4. Pour estimer que la condition d’urgence était remplie, le juge des référés du tribunal administratif de Châlons-en-Champagne s’est borné à prendre en compte les seuls éléments avancés par M. B… tirés de l’atteinte portée à sa situation par l’impossibilité de soutenir sa thèse, sans tenir compte de l’argumentation soulevée en défense par l’université, non inopérante, relative notamment à l’absence de préjudice financier pour le requérant, et à son manque de diligence à agir en référé. En statuant ainsi, le juge des référés a commis une erreur de droit. Par suite, sans qu’il soit besoin de se prononcer sur les autres moyens du pourvoi, son ordonnance doit être annulée.
5. La présente décision prononçant l’annulation de l’ordonnance attaquée du juge des référés, il n’y a pas lieu de statuer sur le pourvoi incident formé par M. B… qui tend à l’annulation partielle de cette même ordonnance.
6. Il y a eu lieu, dans les circonstances de l’espèce, de régler l’affaire au titre de la procédure de référé engagée par M. B…, en application des dispositions de l’article L. 821-2 du code de justice administrative.
7. Pour justifier de l’urgence à suspendre l’exécution de la décision refusant de lui accorder une dérogation pour soutenir sa thèse au-delà des délais règlementaires impartis, M. B… fait valoir que celle-ci l’empêche d’obtenir le diplôme d’Etat de docteur en médecine et donc de mener à terme sa reconversion professionnelle engagée en 2007, ainsi que les conséquences financières liées à l’impossibilité d’entreprendre une carrière de médecin. Toutefois, ce faisant, alors qu’il n’est fait état d’aucun préjudice financier immédiat, ni de circonstances de nature à rendre nécessaire une soutenance rapprochée de sa thèse et que le requérant a attendu plusieurs mois pour demander la suspension de la décision litigieuse, il ne caractérise pas une situation d’urgence justifiant que, sans attendre le jugement de la requête au fond, une mesure de suspension soit prononcée.
8. Il résulte de tout ce qui précède, sans qu’il soit besoin de se prononcer sur l’existence d’un doute sérieux quant à la légalité de la décision attaquée, que la condition d’urgence ne peut être regardée comme remplie. Il y a lieu, par suite, de rejeter la demande de suspension présentée par M. B…, ainsi que ses conclusions aux fins d’injonction.
9. Les dispositions de l’article L. 761-1 du code de justice administrative font obstacle à ce qu’une somme soit mise à ce titre à la charge de l’université de Reims Champagne-Ardenne, qui n’est pas, dans la présente instance, la partie perdante. Il n’y a pas lieu, dans les circonstances de l’espèce, de mettre à la charge de M. B… une somme à ce titre.
D E C I D E :
--------------
Article 1er : L’ordonnance du juge des référés du tribunal administratif de de Châlons-en-Champagne du 3 octobre 2025 est annulée.
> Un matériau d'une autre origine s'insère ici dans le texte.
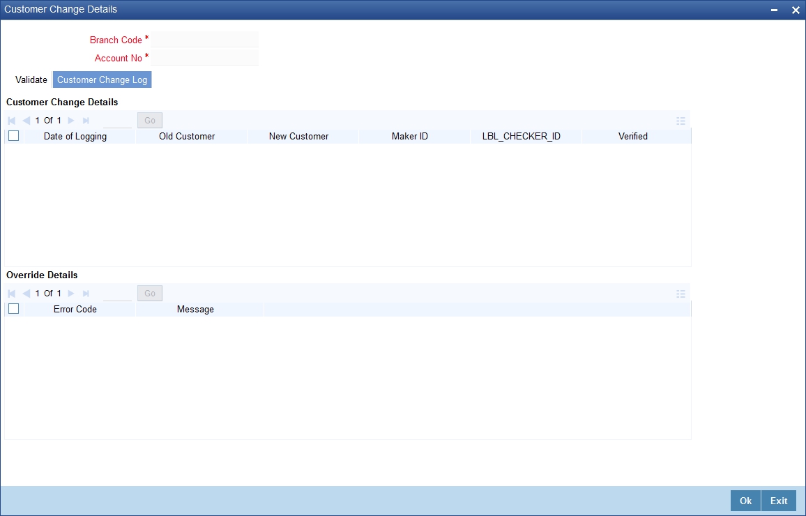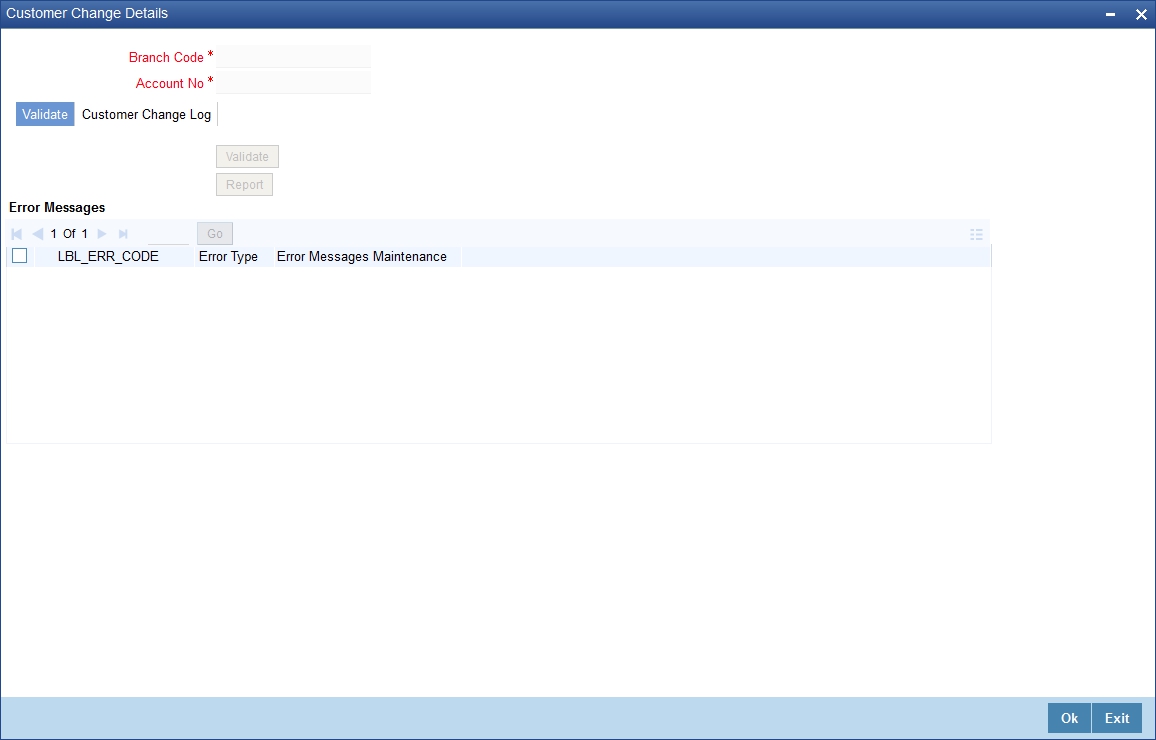 From the ‘Validate’ tab, you can validate the customer changes and view the error/override messages. Click ‘Validate’ button. The system will displays the following details if there is a possible error or override during the process.
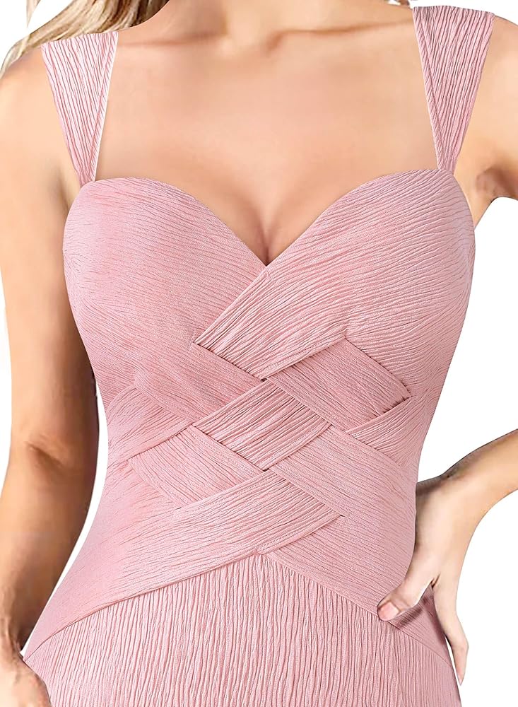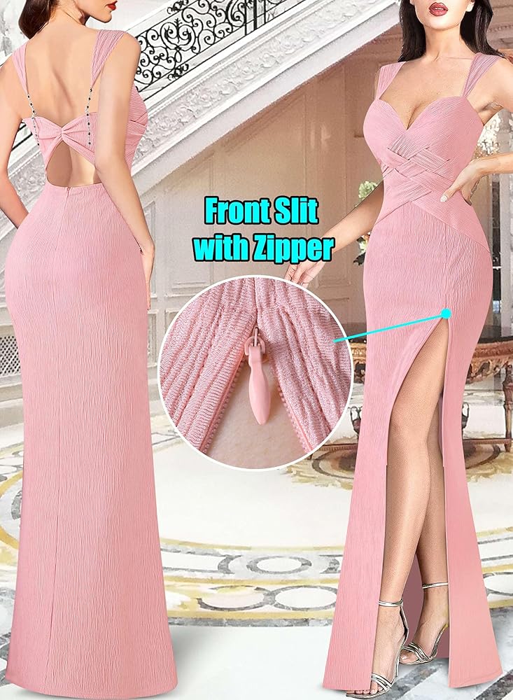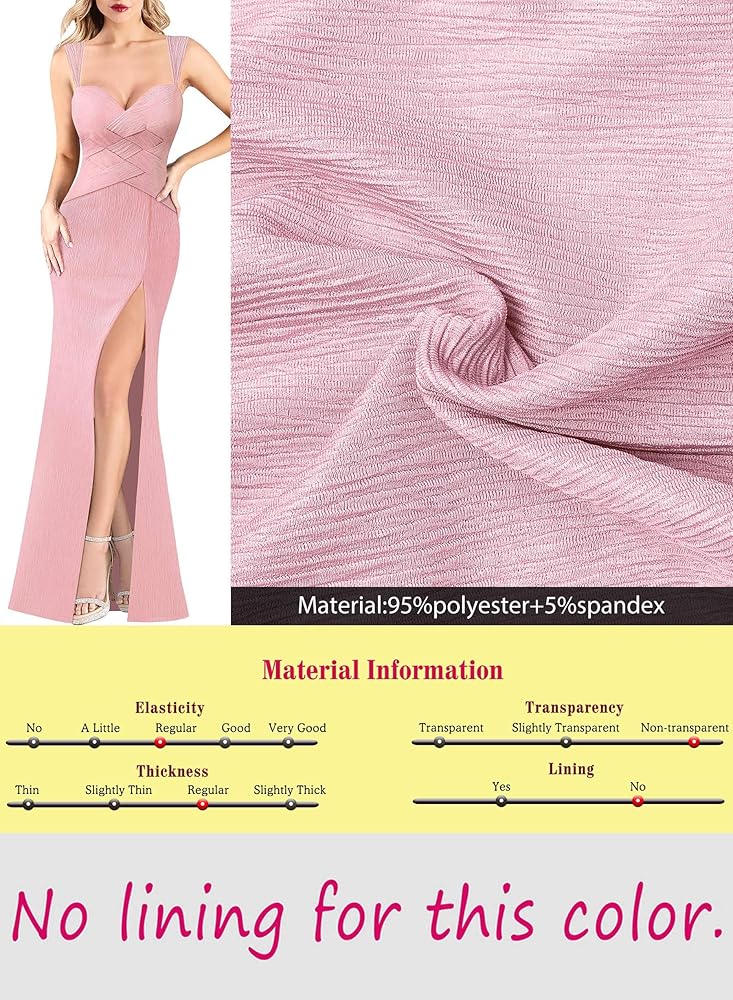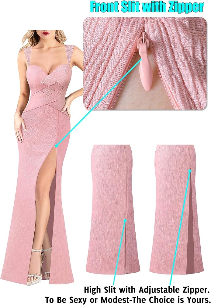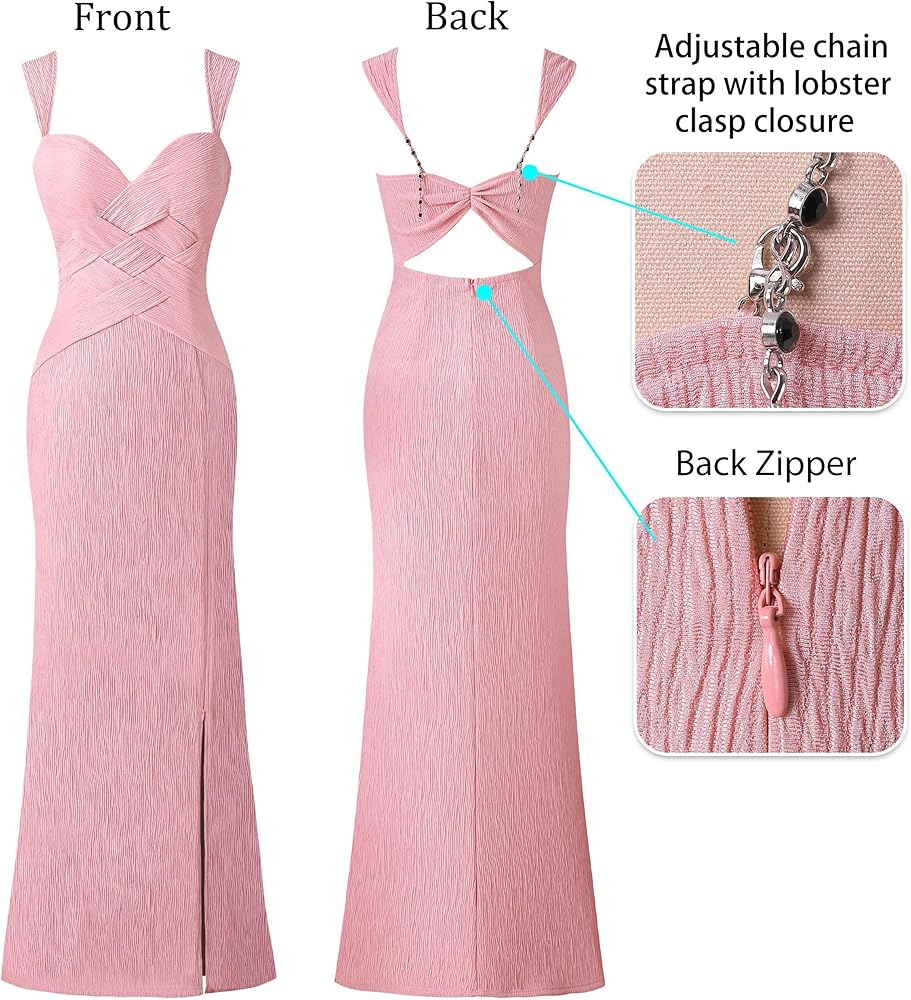 النمط: رقبة على شكل حرف V، حزام عريض مع سلسلة مطرزة بالكريستال قابلة للتعديل في الخلف، تصميم فريد من نوعه من نسيج السلة، فتحة خلفية مفتوحة بكشكشة، مقاس نحيف، طول طويل، فتحة عالية بسحاب قابل للتعديل [السحاب القابل للتعديل يسمح لك بسحاب أو فك السحاب الشق حتى تتمكن من تحديد مقدار الساق التي تريد إظهارها]، سحاب خلفي مخفي.

Article 2 : Il n’y a pas lieu de statuer sur le pourvoi incident de M. A… B….
Article 3 : La demande présentée par M. B… devant le juge des référés du tribunal administratif de Châlons-en-Champagne est rejetée.
Article 4 : Les conclusions présentées par les parties au titre de l’article L. 761-1 du code de justice administrative sont rejetées.
Article 5 : La présente décision sera notifiée à l’université de Reims Champagne-Ardenne et à M. A… B….
Copie en sera adressée au ministre de l’enseignement supérieur, de la recherche et de l’espace.